PATI – Persoalan pencemaran Sungai Bango di Desa Bulumanis Lor, Kecamatan Margoyoso, kembali menjadi perhatian Pemerintah Kabupaten Pati.
Tumpukan sampah dan dugaan limbah industri tapioka ditemukan di sepanjang aliran sungai, meski sebelumnya telah dilakukan pembersihan.
Plt Bupati Pati Risma Ardhi Chandra meninjau langsung kondisi Sungai Bango pada Sabtu (15/8/2026).
Baca Juga: Pantai Lestari Dipenuhi Limbah Tapioka dan Sampah, Wisata Andalan Bulumanis Kidul Kian Terbengkalai
Peninjauan tersebut dilakukan bersama DPUTR, DLH Kabupaten Pati, Camat Margoyoso, tokoh masyarakat, serta perwakilan petambak.
Dalam penyusuran hampir 500 meter, Chandra menemukan kembali tumpukan sampah yang menghambat aliran sungai.
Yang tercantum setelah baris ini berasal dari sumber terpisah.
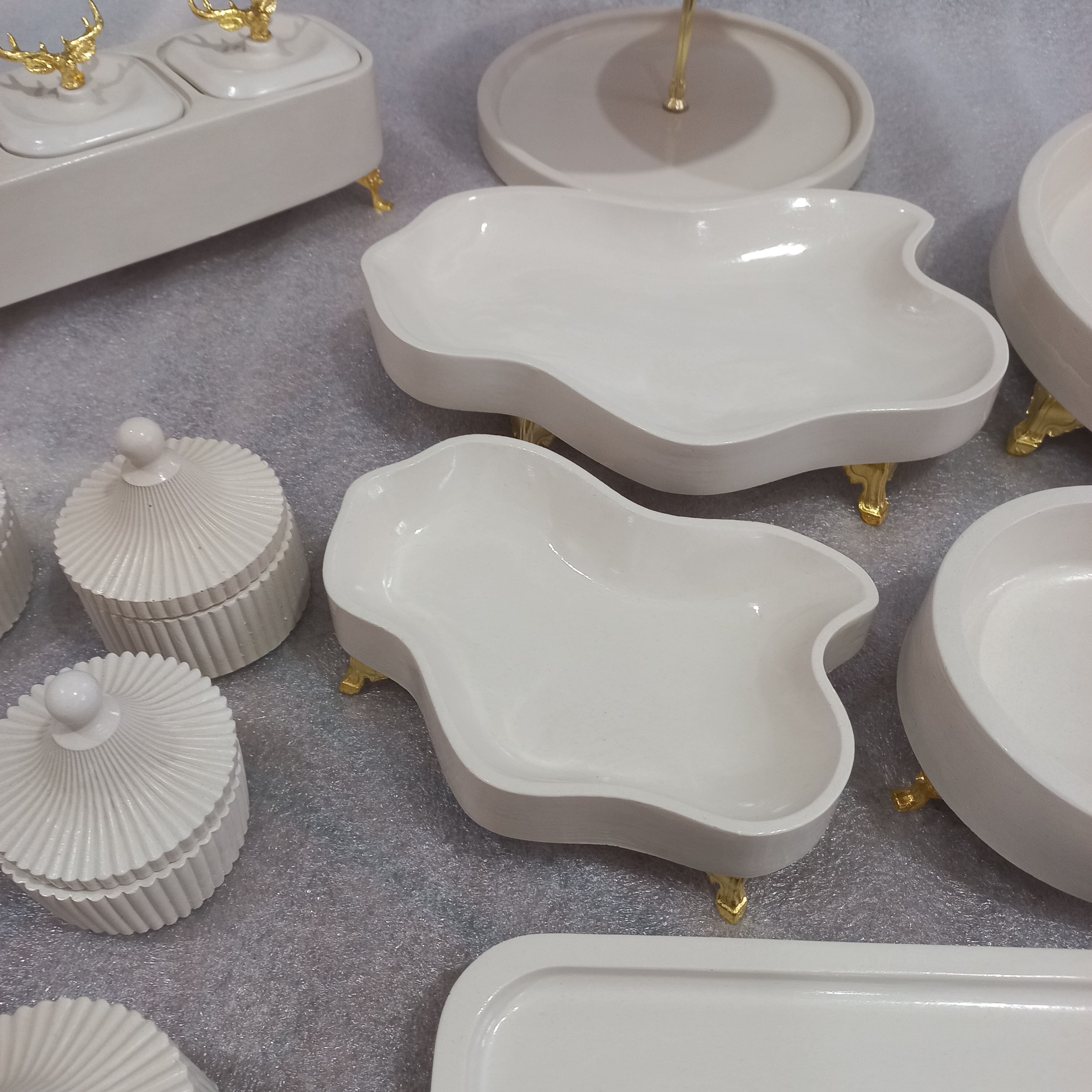 شامل :میوه خوری قطر سی.شیرینی خوری دو طبقه.اجیل خوری گرد شش خانه.شکلات خوری دفرمه.اجیل خوری سه قلو.سینی مناسب کارد چنگال.سینی مناسب شیرینی. چای. قندان ۶عدد

Kondisi tersebut dilaporkan bahkan berlanjut hingga kawasan muara laut.
Menurut Chandra, persoalan Sungai Bango tidak akan selesai hanya dengan kegiatan pembersihan.
Sebab, tumpukan sampah dan dugaan limbah kembali muncul dalam waktu relatif singkat setelah sungai dibersihkan pada Juni-Juli lalu.
“Walaupun ditangani dan dibersihkan berulang kali, dalam satu hingga dua bulan kondisinya akan kembali seperti ini jika sumber masalahnya tidak diselesaikan,” ujar Chandra.
Karena itu, pemerintah daerah mendorong para pelaku usaha tapioka agar mengelola Instalasi Pengolahan Air Limbah (IPAL) secara optimal sebelum membuang limbah ke lingkungan.
“Kami sangat mengharapkan komitmen dari para pengusaha tapioka untuk mengelola IPAL-nya dengan benar,” tegasnya.
Selain dugaan limbah industri, Chandra juga mendapati sampah rumah tangga yang dibuang langsung ke aliran sungai.
Ia meminta masyarakat menghentikan kebiasaan tersebut agar upaya penanganan pencemaran tidak terus berulang.
“Kepada masyarakat, kami juga mengimbau dengan sangat, agar tidak lagi membuang sampah ke aliran sungai,” katanya.
Persoalan pencemaran Sungai Bango juga dikeluhkan para petambak. Kondisi air yang tercemar disebut telah mengganggu aktivitas pertambakan sekaligus berdampak terhadap perekonomian masyarakat Desa Bulumanis Lor.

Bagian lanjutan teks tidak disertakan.